**TASK REQUIREMENTS**
Your output should be the lines below from the one holding "Cinq petits bronzes" through the one holding "母ネコはTNRし、まだ小さいこの子達は里親様を募集することになりました。", transcribed exactly, with no pictures.

(Source records)
********

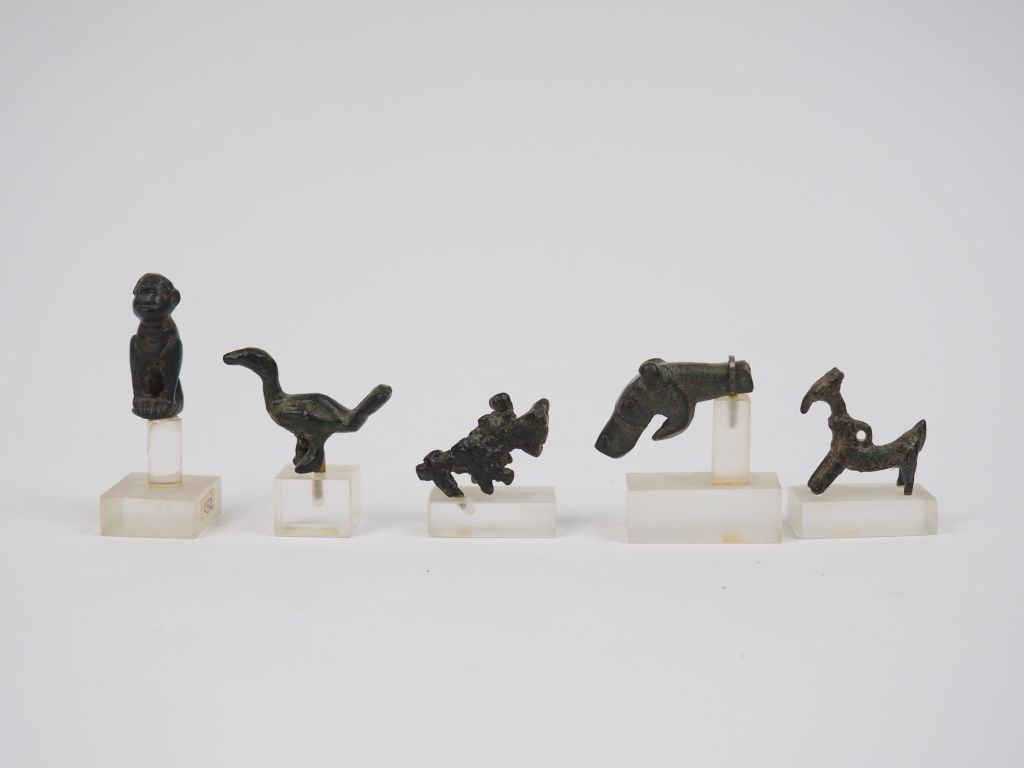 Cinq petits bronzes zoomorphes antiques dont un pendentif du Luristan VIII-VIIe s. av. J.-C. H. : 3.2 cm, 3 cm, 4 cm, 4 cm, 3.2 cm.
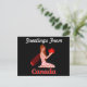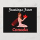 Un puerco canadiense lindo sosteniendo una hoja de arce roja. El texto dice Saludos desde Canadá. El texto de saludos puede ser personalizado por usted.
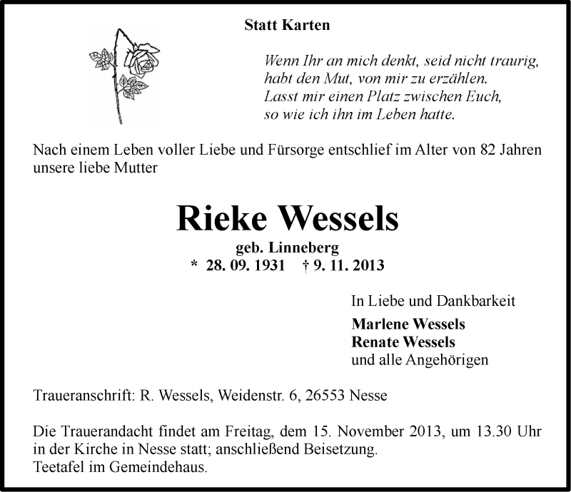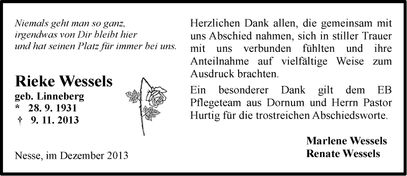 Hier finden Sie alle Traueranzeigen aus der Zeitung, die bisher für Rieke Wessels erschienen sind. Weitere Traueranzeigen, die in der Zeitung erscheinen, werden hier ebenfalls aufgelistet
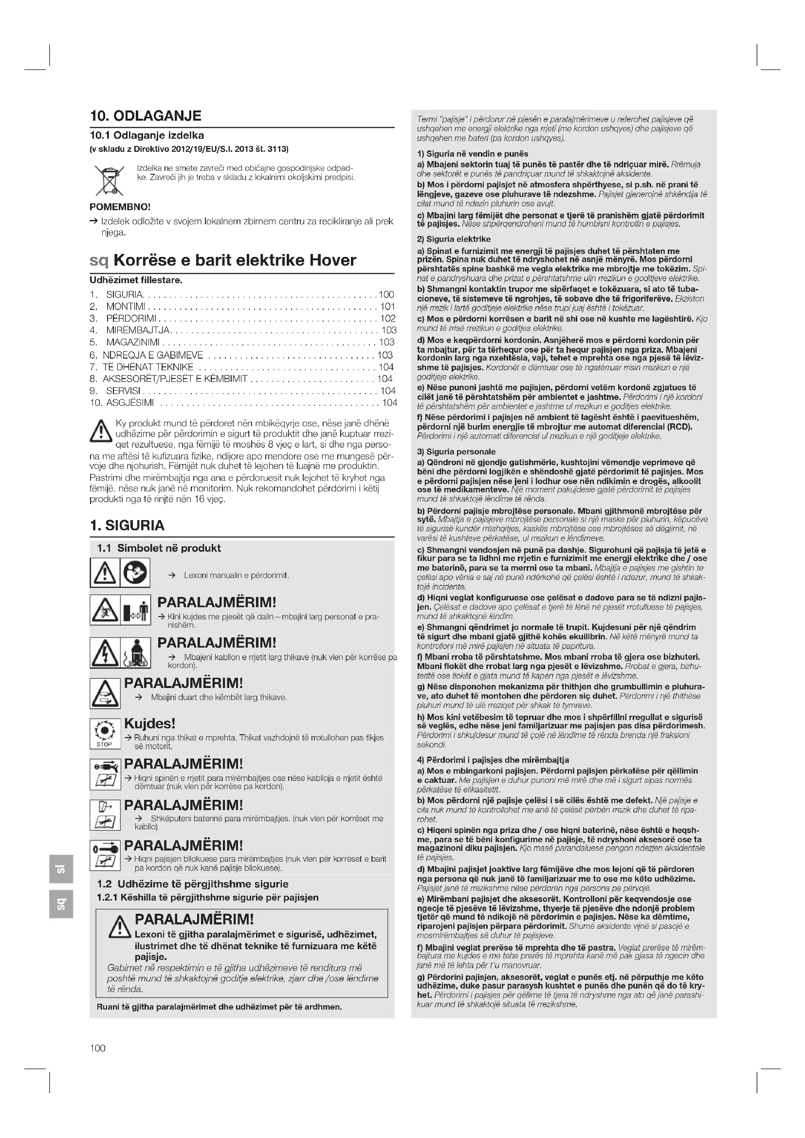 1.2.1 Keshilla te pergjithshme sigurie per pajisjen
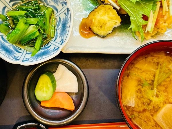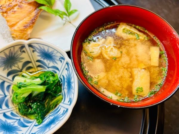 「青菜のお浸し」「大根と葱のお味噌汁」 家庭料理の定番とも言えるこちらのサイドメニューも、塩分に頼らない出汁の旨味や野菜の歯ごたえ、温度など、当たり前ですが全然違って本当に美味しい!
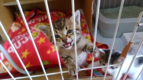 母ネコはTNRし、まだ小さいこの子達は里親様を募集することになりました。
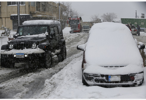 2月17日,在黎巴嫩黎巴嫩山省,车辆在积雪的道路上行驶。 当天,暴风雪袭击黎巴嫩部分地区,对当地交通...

********

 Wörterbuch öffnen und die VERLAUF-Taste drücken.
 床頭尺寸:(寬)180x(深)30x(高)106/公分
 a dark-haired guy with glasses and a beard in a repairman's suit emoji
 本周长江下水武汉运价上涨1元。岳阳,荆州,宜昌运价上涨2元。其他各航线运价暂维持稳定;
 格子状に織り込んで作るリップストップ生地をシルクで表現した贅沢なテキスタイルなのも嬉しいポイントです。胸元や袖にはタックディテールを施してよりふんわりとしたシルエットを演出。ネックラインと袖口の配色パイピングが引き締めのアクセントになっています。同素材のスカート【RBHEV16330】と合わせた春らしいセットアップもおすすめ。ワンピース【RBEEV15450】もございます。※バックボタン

********

**ANSWER FOR THE TASK**
 Cinq petits bronzes zoomorphes antiques dont un pendentif du Luristan VIII-VIIe s. av. J.-C. H. : 3.2 cm, 3 cm, 4 cm, 4 cm, 3.2 cm.
 Un puerco canadiense lindo sosteniendo una hoja de arce roja. El texto dice Saludos desde Canadá. El texto de saludos puede ser personalizado por usted.
 Hier finden Sie alle Traueranzeigen aus der Zeitung, die bisher für Rieke Wessels erschienen sind. Weitere Traueranzeigen, die in der Zeitung erscheinen, werden hier ebenfalls aufgelistet
 1.2.1 Keshilla te pergjithshme sigurie per pajisjen
 「青菜のお浸し」「大根と葱のお味噌汁」 家庭料理の定番とも言えるこちらのサイドメニューも、塩分に頼らない出汁の旨味や野菜の歯ごたえ、温度など、当たり前ですが全然違って本当に美味しい!
 母ネコはTNRし、まだ小さいこの子達は里親様を募集することになりました。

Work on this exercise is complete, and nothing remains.